Is there any financing devise for achieving higher growth in the budget? The proposed budget grew at 18 percent compared to that of the outgoing fiscal year, which is more of a traditional growth. In relation to the revised budget, the growth is a bit higher, about 24 percent. Achieving higher growth critically hinges on the size of the Annual Development Programme (ADP) and its rate of implementation. This year the rate of ADP implementation is estimated to be 93 percent. Since the third quarter was the period of political ravage, the quality of implementation is expected to be compromised to a large extent. The last quarter is witnessing about 61 percent implementation as it was 43 percent in the first three quarters. The size of the proposed ADP is Tk. 97,000 crore, which is 29 percent higher than the revised ADP of the outgoing fiscal year. Since 35 percent growth in ADP in the outgoing fiscal year contributed to only 6.51 percent growth, there is a question whether a 29 percent growth would really contribute to 7 percent 'moderate dream' growth that the Finance Minister envisioned quite confidently.   

This year the budget is tremendously stressed with revenue deficit. It resulted in a significant compulsion of reducing the outgoing budget by 4.3 percent in the revised budget. Failure in achieving revenue target by Tk. 19,583 has compelled the Finance Minister in taking resort to the banking and non-banking sectors. The revised target of depending on domestic borrowing increased from Tk. 43,277 to 54,714 crore without increasing the level of targeted borrowing from the banking sector. The additional money would be borrowed from non-banking sector like selling savings certificates. In addition, the budget deficit has reached an unprecedented level, as high as 32 percent of the revised budget of the current fiscal year, while it was proposed at 27 percent. In the last fiscal year the deficit was 25 percent. The proposed budget has a targeted deficit of a little higher than 29 percent. The targeted borrowing from banking sector has increased from Tk. 31,714 to 38,523, which would be increased significantly as the target of foreign aid is unlikely to be achieved. Thus, such a gigantic targeted deficit of Tk. 86,657 in the budget 2015-16 has given rise to a big question as to the capacity to finance the ADP through our own revenue generated over the next fiscal year. In fact, about 89 percent of the ADP based on domestic borrowing and foreign aid would create a formidable burden on the future generation since they will have to repay the loan. Still, the economy will run significantly underfed in terms of the size of the ADP, and starvation is likely to turn the envisioned growth into a mirage.
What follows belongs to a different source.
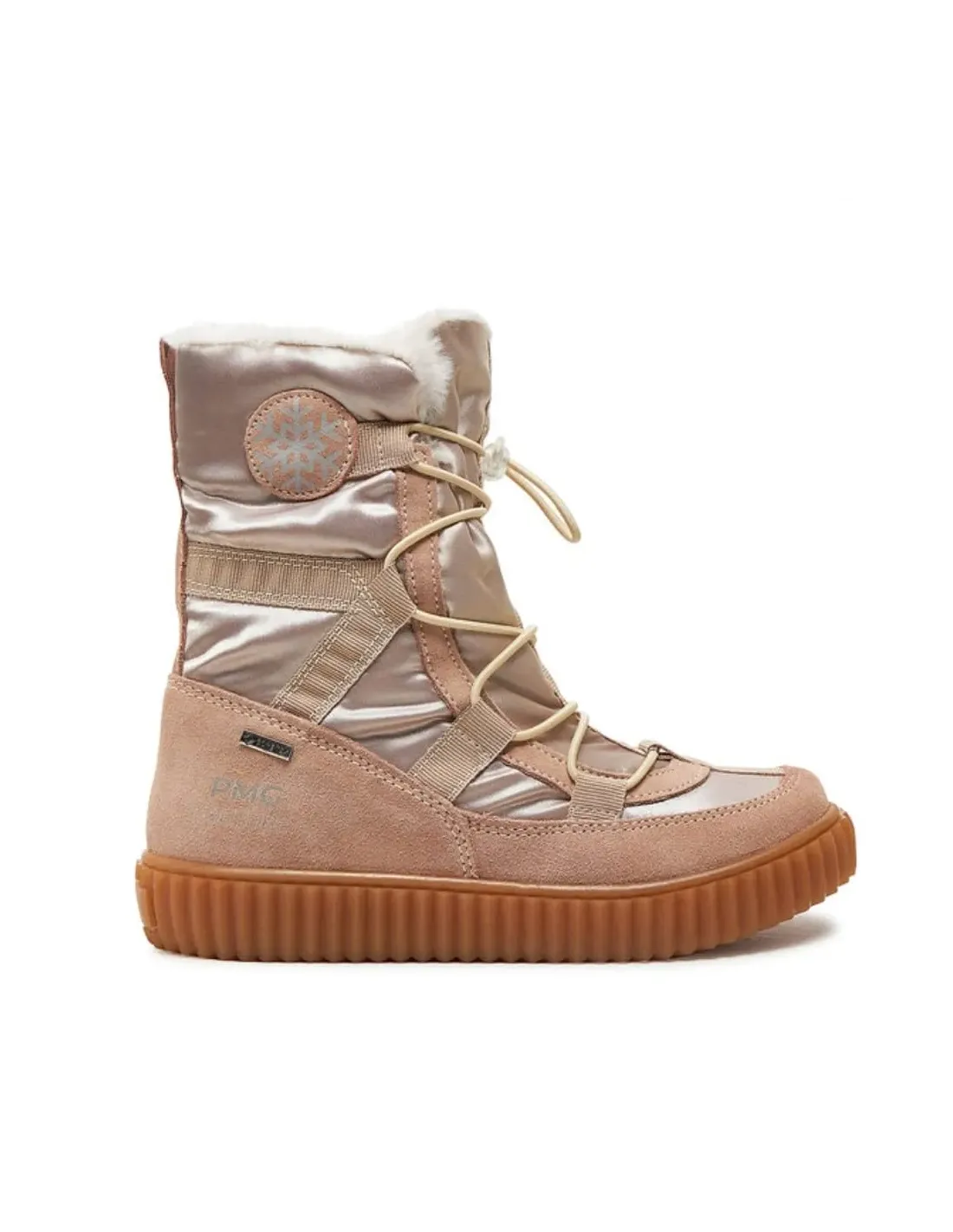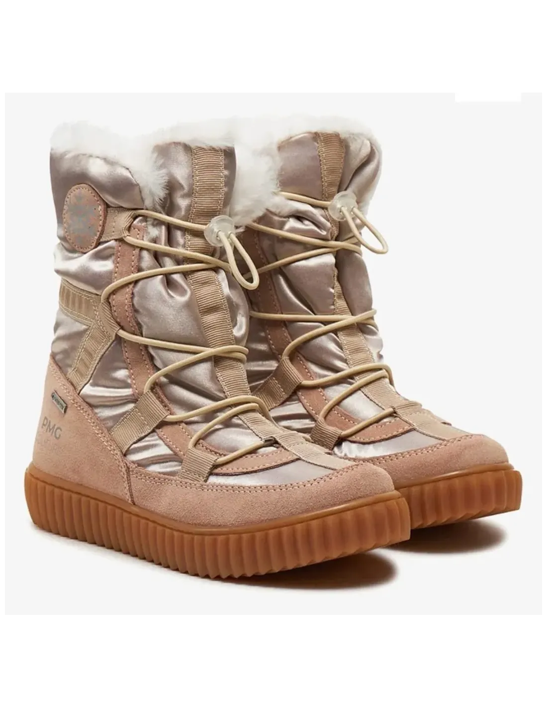 Bota de piel de cabra combinada con textil, con membrana de Goretex. Cierre mediante cordones ajustables con tirador. Forro de pelo de cabra, muy confortable y calentito. Suela de goma antideslizante. Ideal para preesqui, nieve y frío.

Will the proposed structure of the ADP help address the 'twin deficiency' viz. infrastructure and energy which is posing the most formidable challenge to attain higher growth? Most of the increment of the ADP is dedicated to increasing power generation and additional cost of making Padma Bridge 'a reality'. The proposed ADP of the Power Division in FY2015-16 has doubled from the revised ADP of Tk. 8,276 crore, and the ADP of the Bridges Division grew significantly from Tk. 5,299 to 8,921 crore. The ADP on this critical area has increased only by 29 percent. Thus, an absence of significant growth of the ADP in roads and highways is unlikely to address the acute deficiency of infrastructure, which is mostly located to road transportation. It is also going to hinder the movement of vehicles through increased congestion and traffic on the roads.

The proposed budget is unlikely to address the major hurdles that have been hindering the envisioned growth spelt in the Sixth Five-Year Plan. There is neither any new plan to simulate private investment through addressing infrastructural, energy and institutional deficiencies, nor any exposure of the Seventh Five-Year Plan which makes a difference in the proposed budget. Perhaps a supplementary initiative is required to raise the appetite for growth in line with 'Vision 2021'.